One thing on my "bucket list" is to "use a bloom filter for something". They seem like such awesome data structures but I've never found a place to use one :-(
Chrome uses them for the "safe browsing" filter. Google HQ makes a bloom filter out of all the blocked websites and sends out the filter occasionally in an update. That way Chrome can test the URL you're about to visit for membership in the huge blacklist without taking much network/disk/memory/CPU. Of course there could be false positives but Chrome only has to phone home to double-check on possible matches. http://blog.alexyakunin.com/2010/03/nice-bloom-filter-applic...
This is exactly the scenario that a bloom filter is for.
You have an expensive lookup. You're caching information on success/fail so that you don't have to do the expensive lookup every time. But the caches are getting large.

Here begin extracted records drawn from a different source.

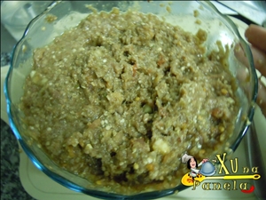 Junte essa polpa à carne moída. Tempere com sal, vinagre balsâmico, pimenta calabresa seca e duas colheres (sobremesa) de farinha de rosca. Pode usar a criatividade e acrescentar outros temperos que quiser, como queijo, alho, ervas e afins.
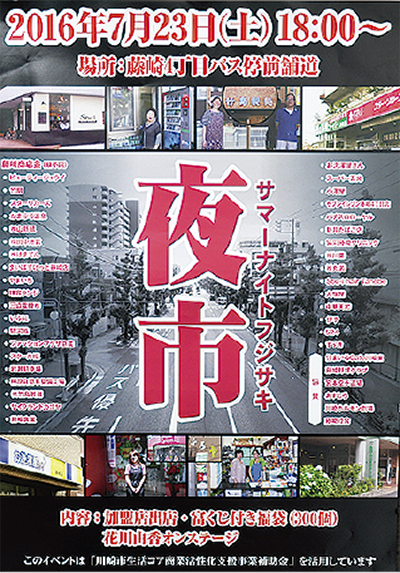 藤崎商店会(田中裕会長)は「サマーナイトフジサキ夜市」と銘打った夏祭りを今月23日(土)、藤崎4丁目バス停前の舗道で開催する。
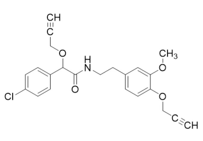 双炔酰菌胺分子式:C23H22ClNO4;相对分子质量411.88;结构式如图3。密度:1.2 ± 0.1 g/cm3,纯品外观为浅褐色无味粉末;250g/L悬浮剂外观为灰白色至棕色液体;悬浮率98%;常温贮存稳定。熔点:96.4~97.3℃;蒸汽压(25℃)<9.4×10-7Pa;在水中的溶解度(25℃)为4.2 mg/L,分配系数:logPow=3.2(25℃)。双炔酰菌胺原药质量分数≥93%;外观为浅褐色无味细粉末;pH值6~8;在有机溶剂中溶解度(25℃,g/L):丙酮300,二氯甲烷400,乙酸乙酯120,甲醇66,辛醇4.8,甲苯29,正己烷0.042。
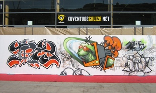 Como xa é tradición no XGN, a entrada do recinto -desta volta o Multiusos Fontes do Sar- acaba decorada por artistas grafiteiros con moito xeito.
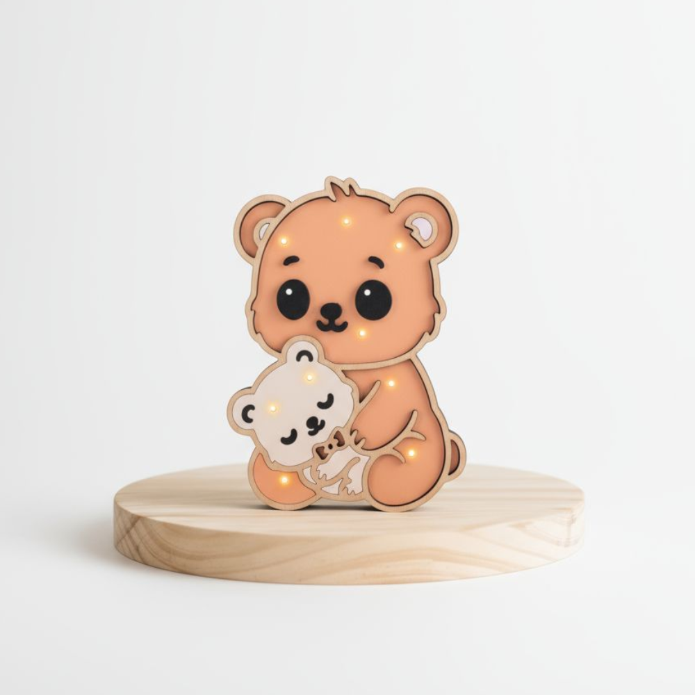 Nos veilleuses sont fabriquées à partir de bois de peuplier et de MDF certifié E1, un matériau à très faibles émissions répondant aux normes européennes les plus strictes.
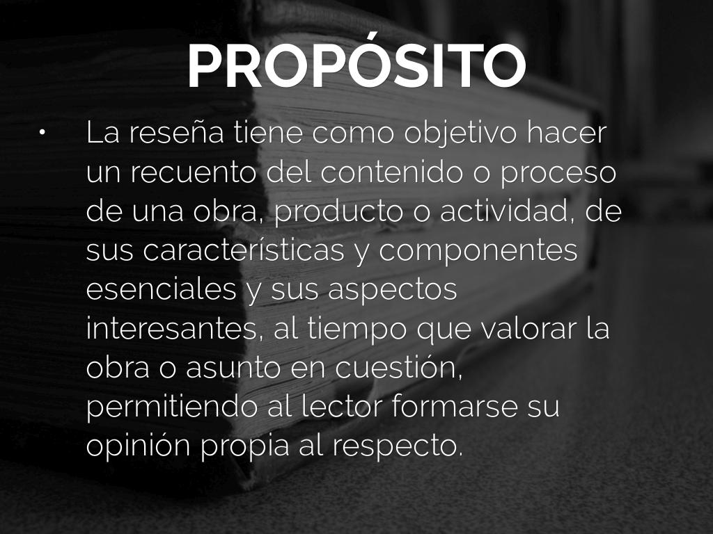 La reseña tiene como objetivo hacer un recuento del contenido o proceso de una obra, producto o actividad, de sus características y componentes esenciales y sus aspectos interesantes, al tiempo que valorar la obra o asunto en cuestión, permitiendo al lector formarse su opinión propia al respecto.

What you do is replace the local caches with a bloomfilter. That data structure takes a bounded amount of memory. When it says, "No, I have not seen you before," you really haven't. And when it says, "I might recognize you," it is only sometimes right. However its mistakes will not really matter because you'll do the expensive lookup.
The tradeoff is that the more data you put into a bloom filter, the higher the odds are that it will think think you might have seen things before, and therefore the less useful it becomes. But in this caching situation, it saves you work even if the false positive rate is fairly high.